(Supplied records)

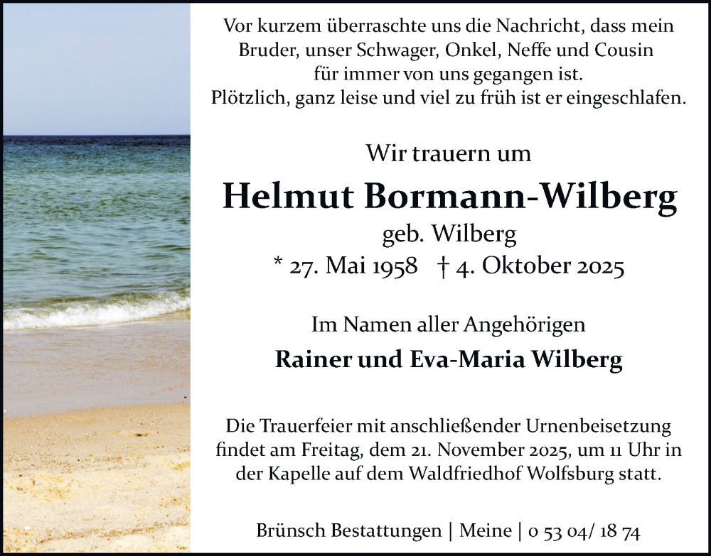 Hier finden Sie alle Traueranzeigen aus der Zeitung, die bisher für Helmut Bormann-Wilberg erschienen sind. Weitere Traueranzeigen, die in der Zeitung erscheinen, werden hier ebenfalls aufgelistet
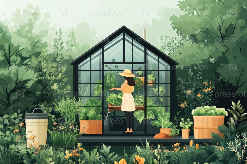 Современная крошечная теплица с женщиной, ухаживающей за овощами в спокойной обстановке сада
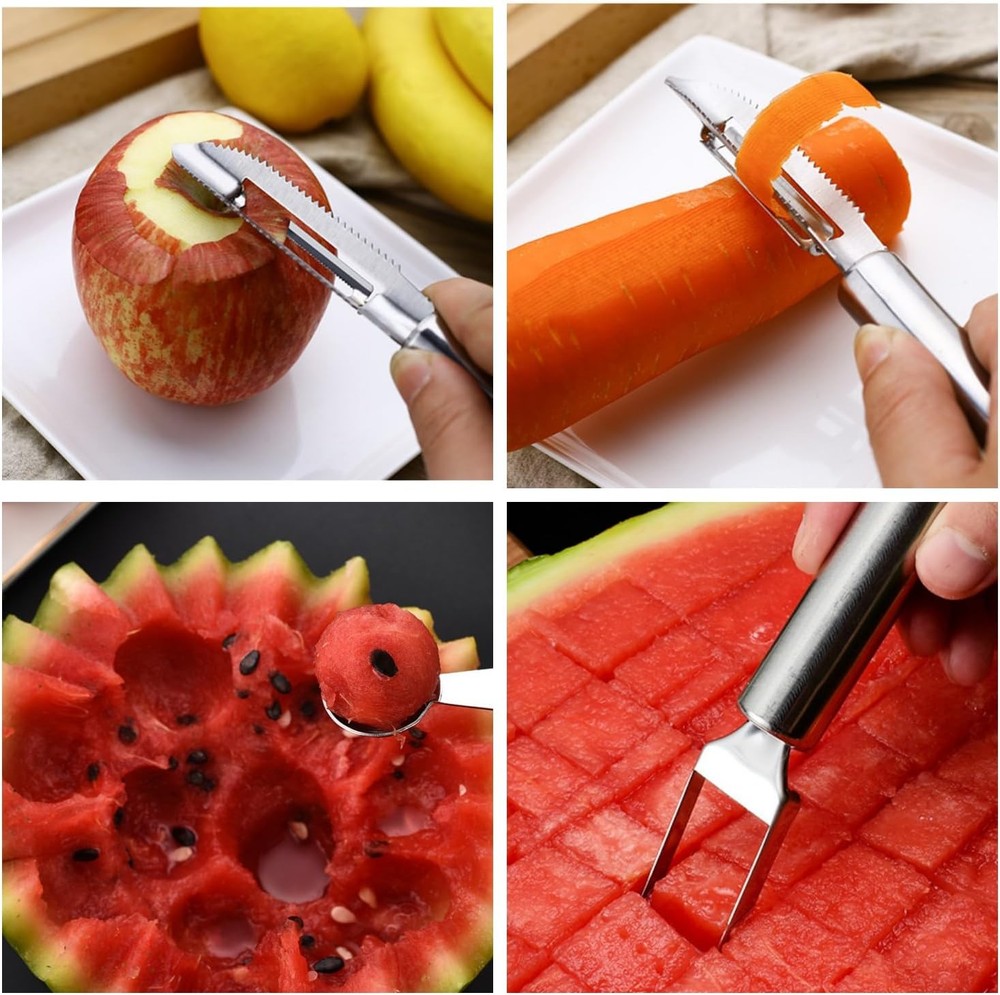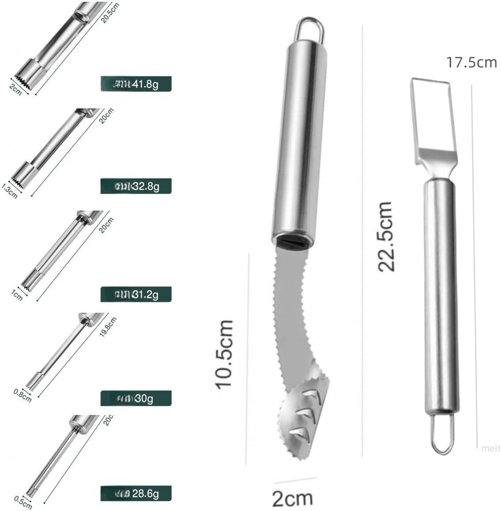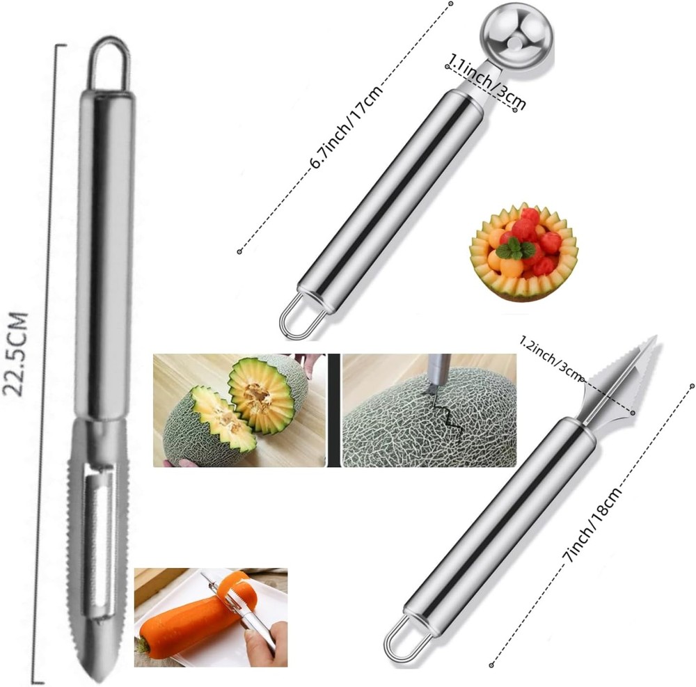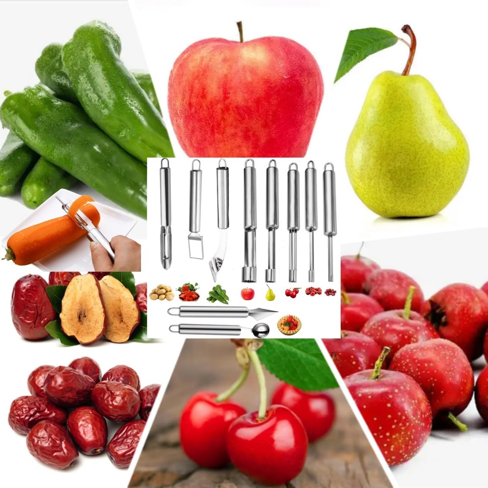 Free eBay listing template designed by dewiso.com Fruit and Vegetable Corer Tool,Kitchen Fruit Carving Knife, Multi-Function Stainless Corer and Pitter Remover Set for Apple, Pear, Cherry, Jujube, Red Dates, Chili,Potato, Watermelon(10 Pcs) FREE AND FAST SHIPPING! About this item The package includes(10Pcs): 6 Fruit and Vegetable Corer Tool,1 Fruit and Vegetable carving knife,1 Multi-Function Kitchen Peeler,1 Watermelon & ice cream scoop,1 Watermelon Cutter. High-Quality Material: These tools are all made of 304 stainless steel, boasts exceptional corrosion resistance and durability, ensuring that it will not rust over time and providing you with a healthy and safe cooking experience. Easy operation: Designed with serrated blades, the corers are easy to insert into fruits, and rotating or pushing them effortlessly removes the fruit core. Product We offer a 30-Day Return Policy on items which you are not completely satisfied with. You have the option for a full-refund or an exchange of the item. No returns are available on items shipped outside of the US . Shipping We offer Free Shipping to the US and ship within 2 business days of payment, usually sooner. We use UPS express shipping. That's why your products are usually delivered within 3 days . Contact We try our very best to make sure every customer is completely satisfied. If there's a problem , message us! We're happy to help. 24/7 live chat available.
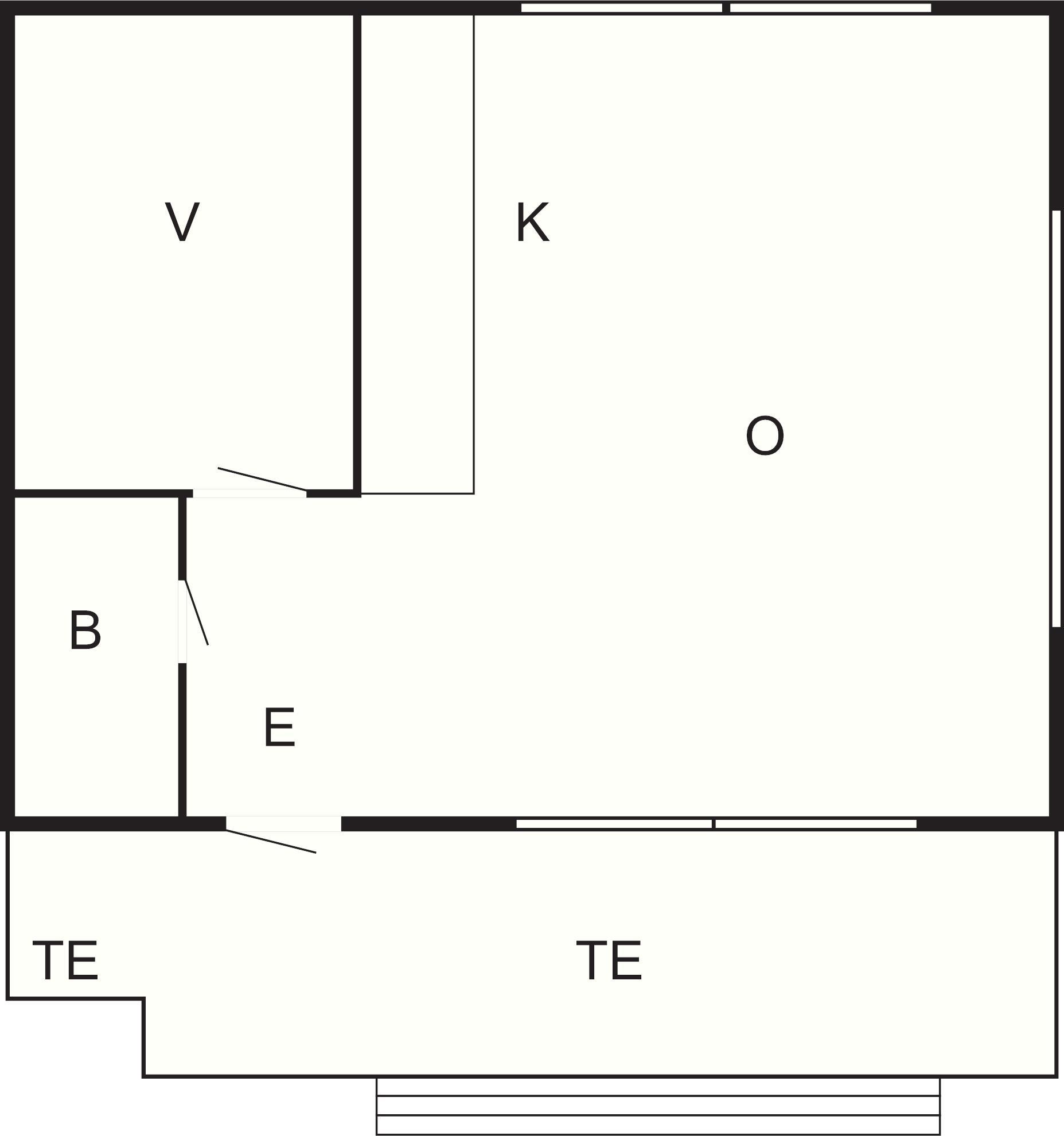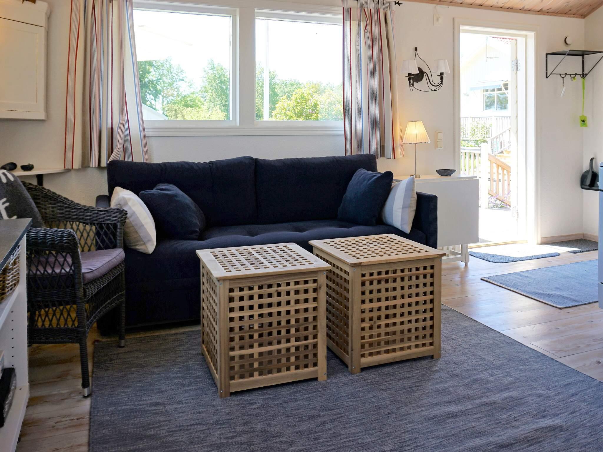 Stugan känns väldigt rymlig och luftig tack vare att det är öppet hela vägen uppe i nock. Stora fönster med utsikt inifrån både ut mot altan samt havet i fjärran. Storstugan har ett kombinerat kök med vardagsrum. Köket har en trevlig matplats, kyl m frysfack, micro, spis, kaffebryggare och vattenkokare. För den yngsta finns en barnstol. Här finns en bäddsoffa för 2 personer som enkelt bäddas ut till kvällen (150*190cm).
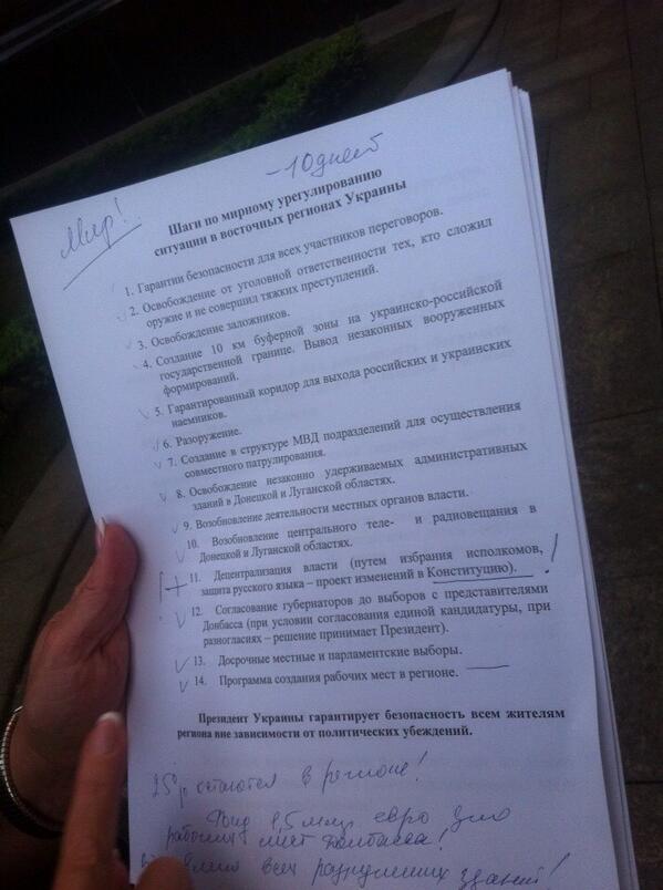 Закончить хотелось бы мирным планом президента Петра Порошенко, с которым вы можете ознакомиться:
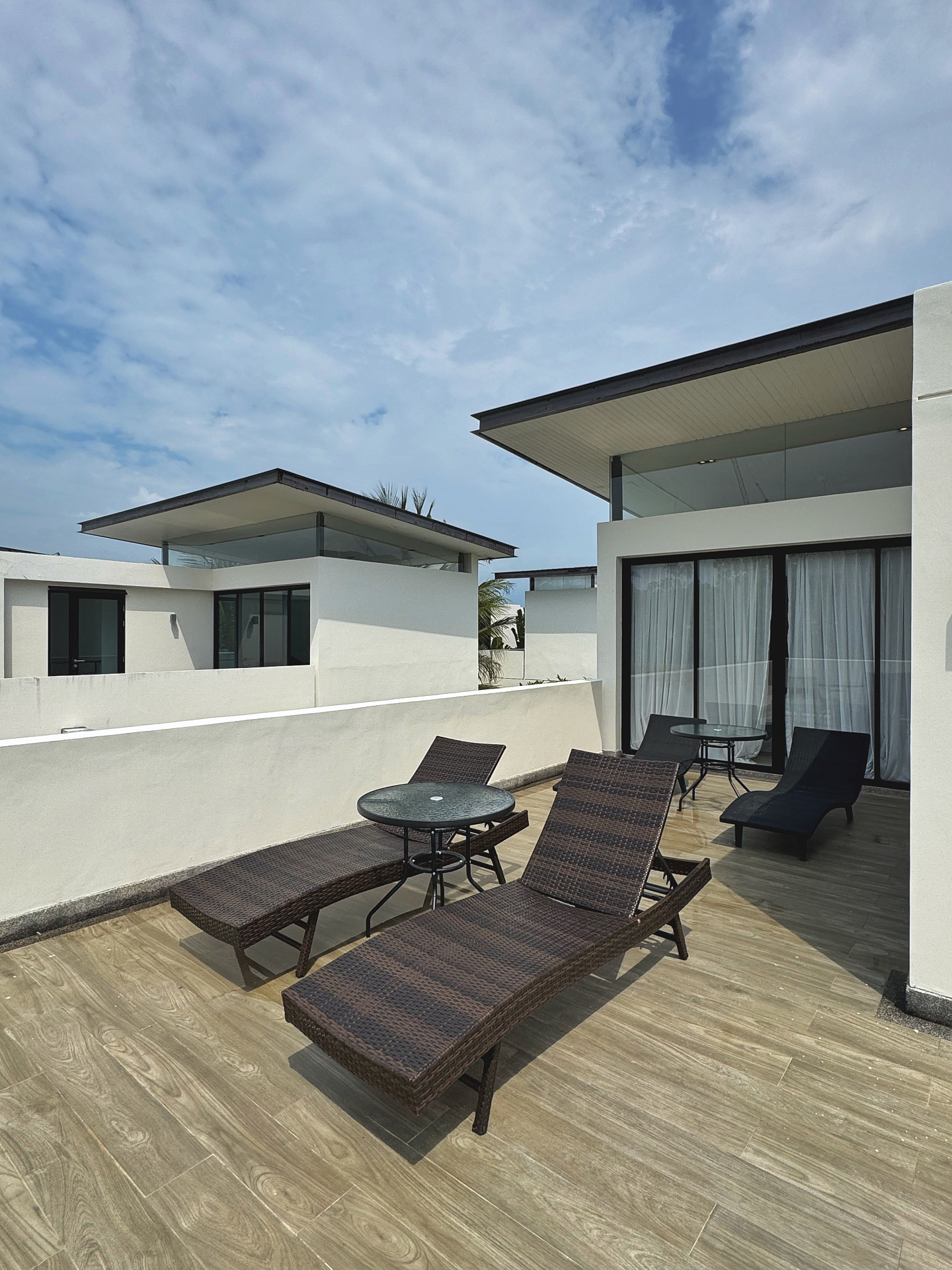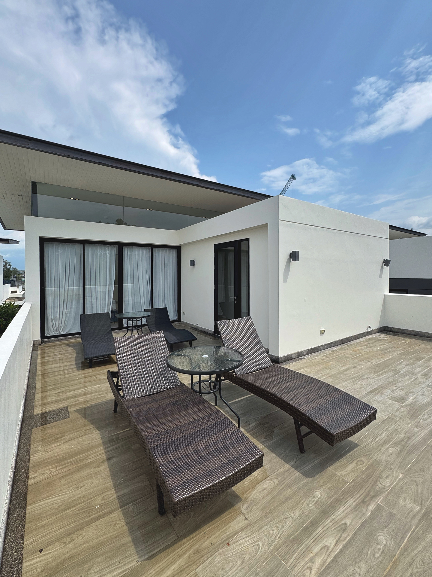 3 этаж: лаунж-зона с диваном и гостевая спальня с выходом на большую террасу с шезлонгами
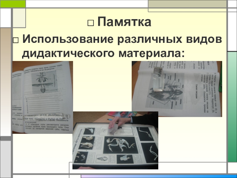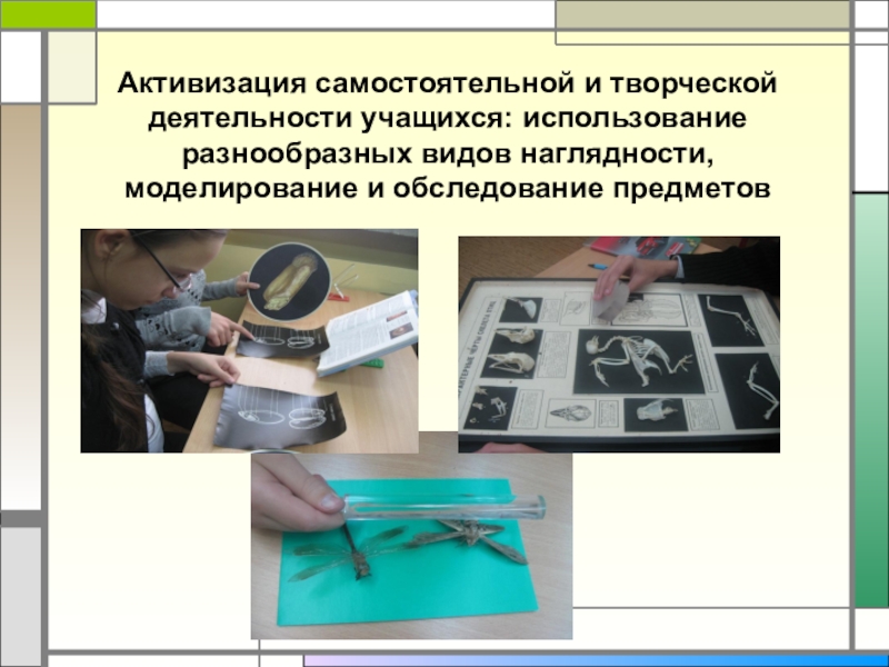 Слайд 12Активизация самостоятельной и творческой деятельности учащихся : использование натуральных объектов, объемных

(End Supplied records)

Exercise instructions: When you reach the line that contains "Stugan känns väldigt", start reproducing, and continue word for word to the end of the records; skip all pictures.

Solution to the exercise:
 Stugan känns väldigt rymlig och luftig tack vare att det är öppet hela vägen uppe i nock. Stora fönster med utsikt inifrån både ut mot altan samt havet i fjärran. Storstugan har ett kombinerat kök med vardagsrum. Köket har en trevlig matplats, kyl m frysfack, micro, spis, kaffebryggare och vattenkokare. För den yngsta finns en barnstol. Här finns en bäddsoffa för 2 personer som enkelt bäddas ut till kvällen (150*190cm).
 Закончить хотелось бы мирным планом президента Петра Порошенко, с которым вы можете ознакомиться:
 3 этаж: лаунж-зона с диваном и гостевая спальня с выходом на большую террасу с шезлонгами
 Слайд 12Активизация самостоятельной и творческой деятельности учащихся : использование натуральных объектов, объемных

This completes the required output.